## Friday, May 24, 2013

### Problem 881: Triangle, three Squares, Centers, Areas

Level: Mathematics Education, High School, Honors Geometry, College.

Click the figure below to see the complete problem 881.
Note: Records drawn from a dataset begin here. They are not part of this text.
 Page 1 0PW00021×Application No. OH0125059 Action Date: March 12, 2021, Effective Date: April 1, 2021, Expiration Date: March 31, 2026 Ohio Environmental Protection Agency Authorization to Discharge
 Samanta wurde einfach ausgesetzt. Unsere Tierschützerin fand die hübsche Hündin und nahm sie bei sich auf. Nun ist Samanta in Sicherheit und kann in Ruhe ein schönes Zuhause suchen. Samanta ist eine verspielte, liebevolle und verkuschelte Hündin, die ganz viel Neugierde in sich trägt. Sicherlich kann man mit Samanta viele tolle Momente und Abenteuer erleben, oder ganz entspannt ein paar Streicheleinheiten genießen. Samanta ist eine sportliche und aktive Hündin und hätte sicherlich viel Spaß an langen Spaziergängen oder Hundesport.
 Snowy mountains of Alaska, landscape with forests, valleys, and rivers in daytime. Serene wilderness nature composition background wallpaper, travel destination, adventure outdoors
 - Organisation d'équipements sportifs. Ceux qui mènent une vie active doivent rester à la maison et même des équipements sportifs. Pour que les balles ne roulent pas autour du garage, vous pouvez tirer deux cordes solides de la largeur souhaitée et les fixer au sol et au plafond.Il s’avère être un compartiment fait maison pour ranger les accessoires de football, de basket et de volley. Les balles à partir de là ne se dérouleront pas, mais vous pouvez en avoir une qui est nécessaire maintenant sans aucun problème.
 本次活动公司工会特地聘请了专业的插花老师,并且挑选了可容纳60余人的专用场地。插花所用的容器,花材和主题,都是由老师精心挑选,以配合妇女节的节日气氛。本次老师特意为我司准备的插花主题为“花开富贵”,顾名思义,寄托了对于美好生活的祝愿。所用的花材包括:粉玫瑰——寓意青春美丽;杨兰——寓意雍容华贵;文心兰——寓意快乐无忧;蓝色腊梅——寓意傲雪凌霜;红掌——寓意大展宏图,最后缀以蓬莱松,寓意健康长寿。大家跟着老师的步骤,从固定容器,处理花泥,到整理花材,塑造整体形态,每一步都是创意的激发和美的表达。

1. BM=4 , BN= SQRT(23), MN=SQRT(67)
In triangle MBN we have MN^2=MB^2+NB^2- 2.MB.NB.cos(B+90)
But cos(B+90)=- sin(B)
So sin(B)=(MN^2-MB^2-NB^2)/2.MB.NB
=(67-16-23)/(2 * 4 .*SQRT(23)= 7/(2 . SQRT(23))
Area (ABC)=1/2 . AB* BC* Sin(B) = 14
BM=4 , BN= SQRT(23), MN=SQRT(67)
In triangle MBN we have MN^2=MB^2+NB^2- 2.MB.NB.cos(B+90)
But cos(B+90)=- sin(B)
So sin(B)=(MN^2-MB^2-NB^2)/2.MB.NB
=(67-16-23)/(2 * 4 .*SQRT(23)= 7/(2 . SQRT(23))
Area (ABC)=1/2 . AB* BC* Sin(B) = 14

2. Join BM, BN.

BM^2 = BD^2 / 2 = 16
BN^2 = BF^2 / 2 = 23
MN^2 = 67

MN^2 = BM^2 + BN^2 − 2×BM×BN×cos(∠B+90°)
67 = 16 + 23 + 2×BM×BN×sin∠B
BM×BN×sin∠B = 14

S(ABC) = 1/2×BA×BC×sin∠B
= 1/2×(√2×BM)×(√2×BN)×sin∠B
= BM×BN×sin∠B
= 14

3. BD=AB=sqrt(32), BF=BC=sqrt(46), MN=sqrt(67)
BM=sqrt(16)=4, BN=sqrt(23)
By cosine law,
MN^2 = BM^2 + BN^2 - 2*BM*BN*cosMBN
MN^2 = BM^2 + BN^2 - 2*BM*BN*cos(90+ABC)
MN^2 = BM^2 + BN^2 + 2*BM*BN*sinABC
MN^2 = BM^2 + BN^2 + 2*1/sqrt2*1/sqrt2*(AB*BC*sinABC)
67 - 16 - 23 = AB*BC*sinABC
28 = AB*BC*sinABC
14 = Area

4. Problem 881: solution by Michael Tsourakakis from Greece at
www.gogeometry.com/school-college/p881-geometry-mixalis-greece.pdf

Thanks,
Mixalis

5. Prove that the center of the square MNPQ coincides with the midpoint of AC.

1. this is very easy.
Because MSP, is, diagonal of the square MNPQ ,and angle MSN=90 ,angle SMN=angle MNS = 45 ,angle MNP=90 ,then, angle SNP=45 ,so, angle NPS =45 .Therefore SP=SN=SM so,,S midpoint of the MP

6. What is S?. Kindly clarify.
If you mean S is the point where diagonals of the square MNPQ meet, it is trivial to see that SP = SN = SM.
If you mean S is the point where a diagonal, say MP, meets AC, you need to prove that S is the midpoint of the side AC of the triangle ABC.